MSCI’s broadest index of Asia-Pacific shares outside Japan dropped 0.3%, extending Monday’s 0.3% decline
Asian shares outside Japan dropped on Tuesday as investors pondered what a Trump victory would mean for China, while the yen resumed its decline, prompting fresh warnings from officials after last week’s suspected intervention.
Europe is set to open lower, with EUROSTOXX 50 futures 0.3% lower. S&P 500 futures added 0.2% and Nasdaq futures rose 0.3% after dovish Fed comments fuelled bets of more U.S. rate cuts this year, lifting Wall Street.
MSCI’s broadest index of Asia-Pacific shares outside Japan dropped 0.3%, extending Monday’s 0.3% decline. Japan returned from a public holiday and the Nikkei index added 0.3%.
Overnight, investors continued to digest the fallout from the attempted assassination on Saturday of former U.S. President Donald Trump, who nominated J.D. Vance on Monday as his vice presidential running mate.
Opinion polls show a close race between Trump and President Joe Biden, though Trump leads in several states that are likely to decide the election.
The Dow Jones reached a record closing high, thanks to energy and banking shares.

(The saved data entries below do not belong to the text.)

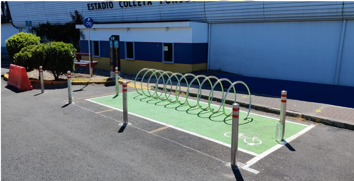
Imagen 25: colocación de ciclo parqueos afueras del estadio Colleya Fonseca, Guadalupe.

Lugares: Municipalidad de Goicoechea, afueras del estadio Colleya Fonseca y Comité de Deportes.
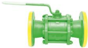
Tabak Yay Takviyeli İçİ Dolu Paslanmaz Küreli
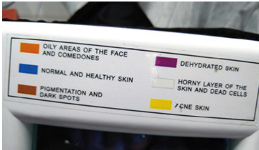
Abb. 1.8 Farben der Wood-Lampe
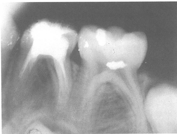
Fig. 4. Tratamiento de conductos y reconstrucción con Ketac-Endo en un primer molar temporal inferior.

Por último presentamos un segundo molar temporal inferior con caries profunda (Fig. 6), en el que realizamos una pulpotomía al formocresol. Como material sellador y en íntimo contacto con la pulpa radicular remanente, se utilizó el Ketac Endo Aplicap, rellenando igualmente toda la cámara pulpar y corona anatómica del molar en la misma sesión (Fig. 7).
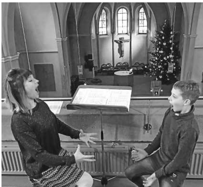
Musikalischer Hochgenuss am Dreikönigstag.
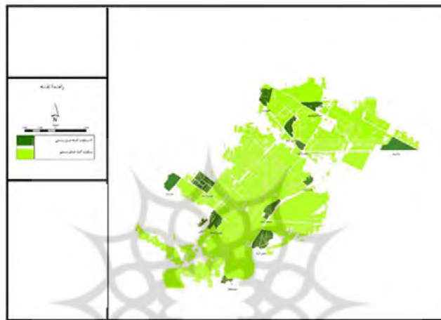
شکل ۲. سکونتگاه‌های غیررسمی کرمانشاه در سال ۹۵

بوده موجبات مهاجرت و ورود به شغل‌های کاذب را فراهم کرد که بدین گونه حاشیه‌نشینی در کرمانشاه نیز شکل گرفت و این در حالی است که اگر مسئولان ساماندهی مشاغل روستایی به رفع تنگناها و چالش‌های روستا و روستانشینان می‌پرداختند این اتفاق نمی‌افتاد. ۳- یکی دیگر از عوامل حاشیه‌نشینی وسعت و گسترش بی‌رویه شهر کرمانشاه است به ویژه در تعریف موقعیت شهری وارد کردن روستاهای مجاور شهر به عنوان بخشی از شهر کرمانشاه که ظاهراً و از نظر جغرافیایی این تغییرات فقط از نظر اسمی اتفاق افتاد ولی در موقعیت پیشین آنها تغییر حاصل نشد که به این ترتیب این وسعت شهری از نظر جغرافیایی علاوه بر آنکه شهریت و شهرنشینی را وسعت نداد، موجب گسترش حاشیه‌نشینی با نام و نشان شهرنشینی شد (همان منبع).
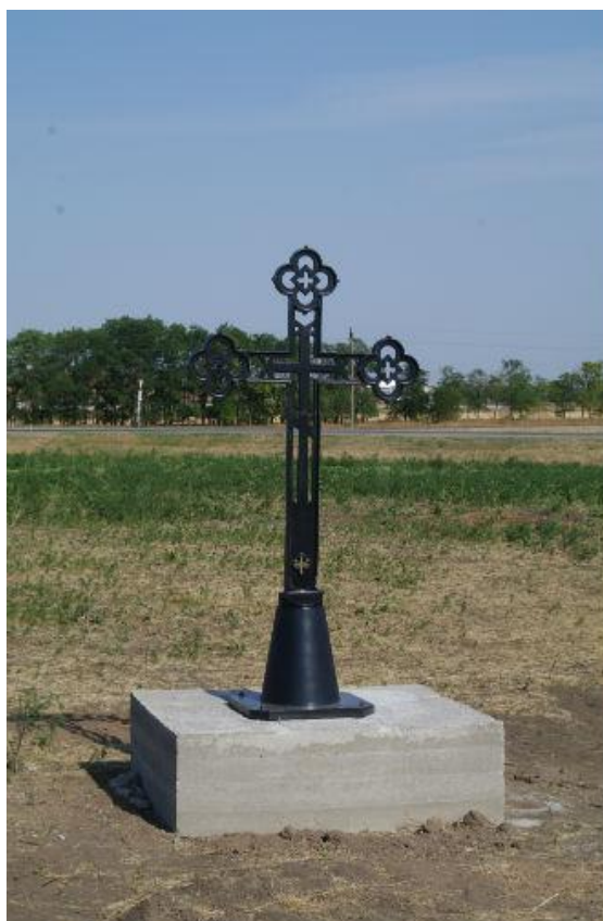
Рис. 7. Поклонный крест у хутора Приазовка, установлен в августе 2012 г.
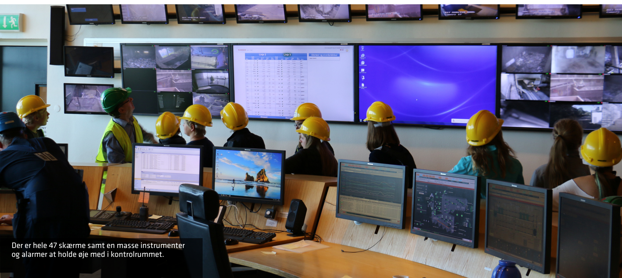
Der er hele 47 skærme samt en masse instrumenter og alarmer at holde øje med i kontrolrummet.
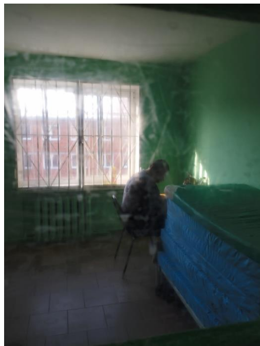
Гражданин проживает за запертой железной дверью в «наблюдательном отделении»
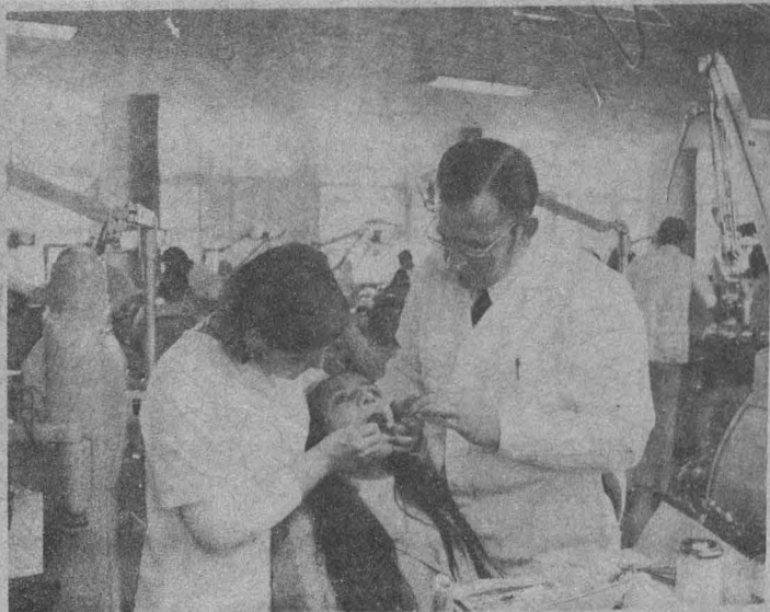
Un catedrático de la Escuela de Odontología dirigiendo la práctica a una de sus alumnas.

V. Los precios de los trabajos son exclusivamente el de los materiales empleados y el Derecho de Clínica. Los pagos se efectúan en la Administración, donde se entrega el recibo correspondiente.
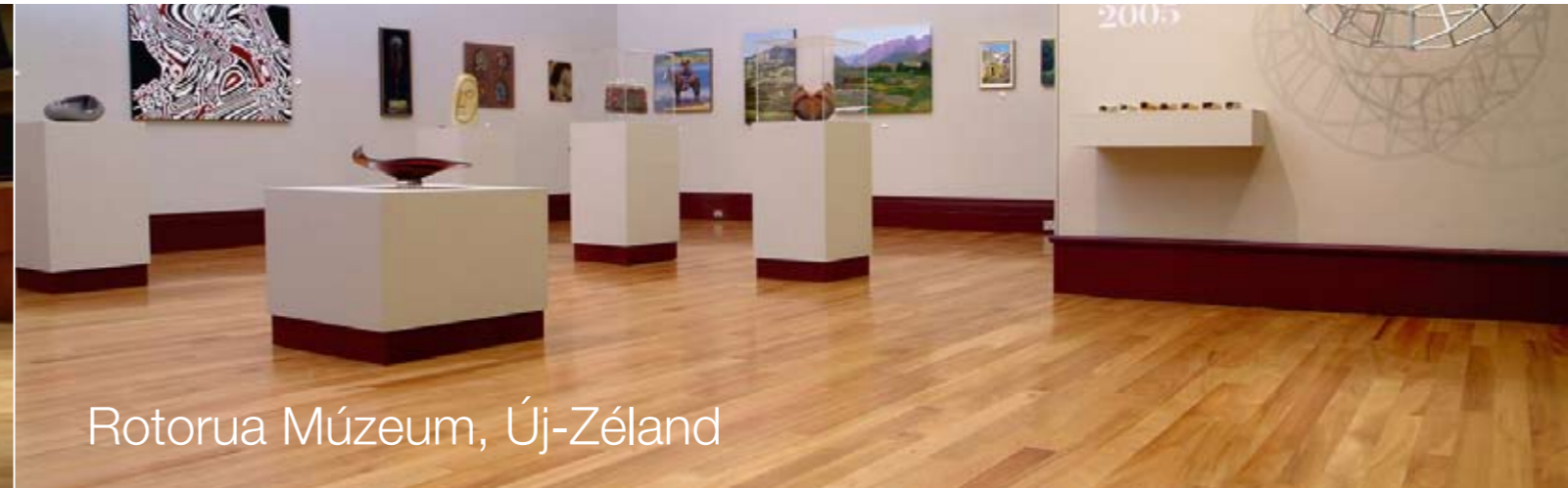
Rotorua Múzeum, Új-Zéland
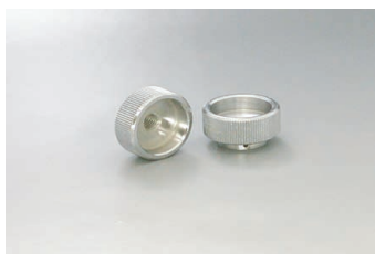
KNTA 材 鋼材S45C Steel KNTB 表 クロムメッキ Chrome plated
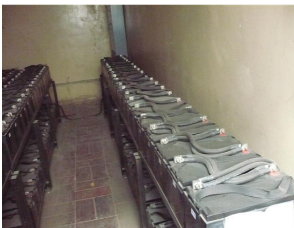
Banco de Baterías UPS
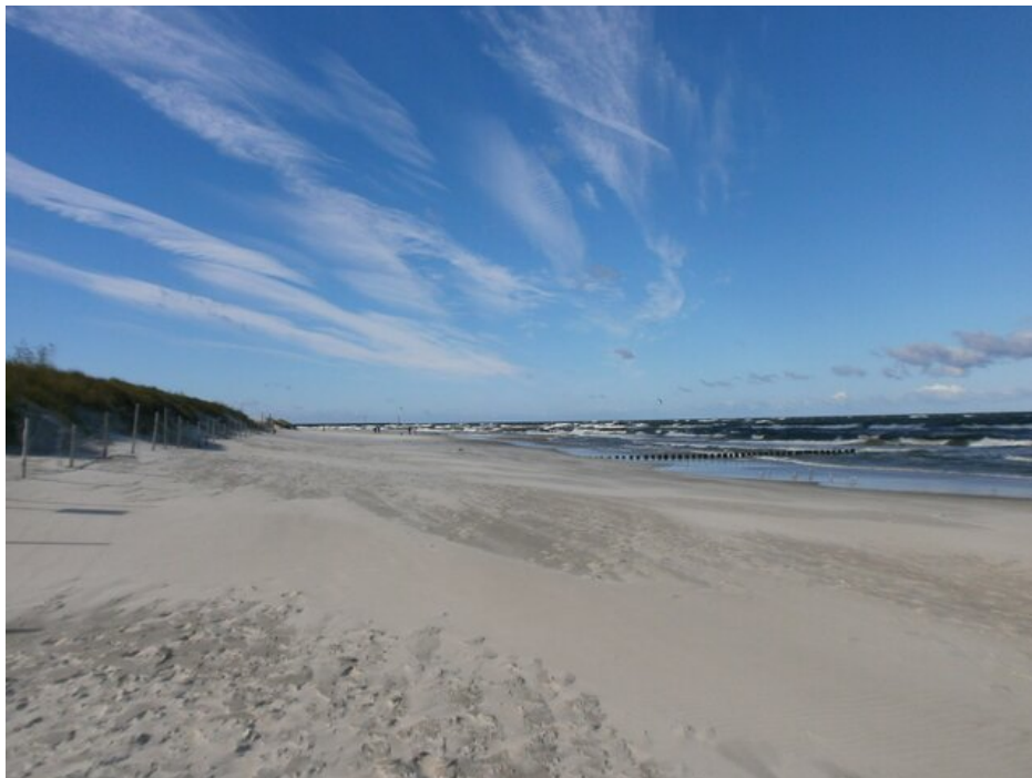
Plaża w Dziwnowie nad Morzem Bałtyckim

Bitcoin climbed, gold jumped towards a record high and the yield curve steepened as investors favoured so called Trump-victory trades.
J.D. Vance sits in the camp of taking China on head-first in a bid for improved trade deals for the U.S., and this will only weigh on sentiment towards China, according to Chris Weston, head of research at Pepperstone.
The Shanghai Composite index dropped 0.1%, while Hong Kong’s Hang Seng index shed 1.4%, having already declined 1.5% the day prior as weak economic data from China heightened the risk that Beijing could miss its 5% growth target this year, barring forceful stimulus.
Both Taiwanese and South Korean shares rose 0.2%.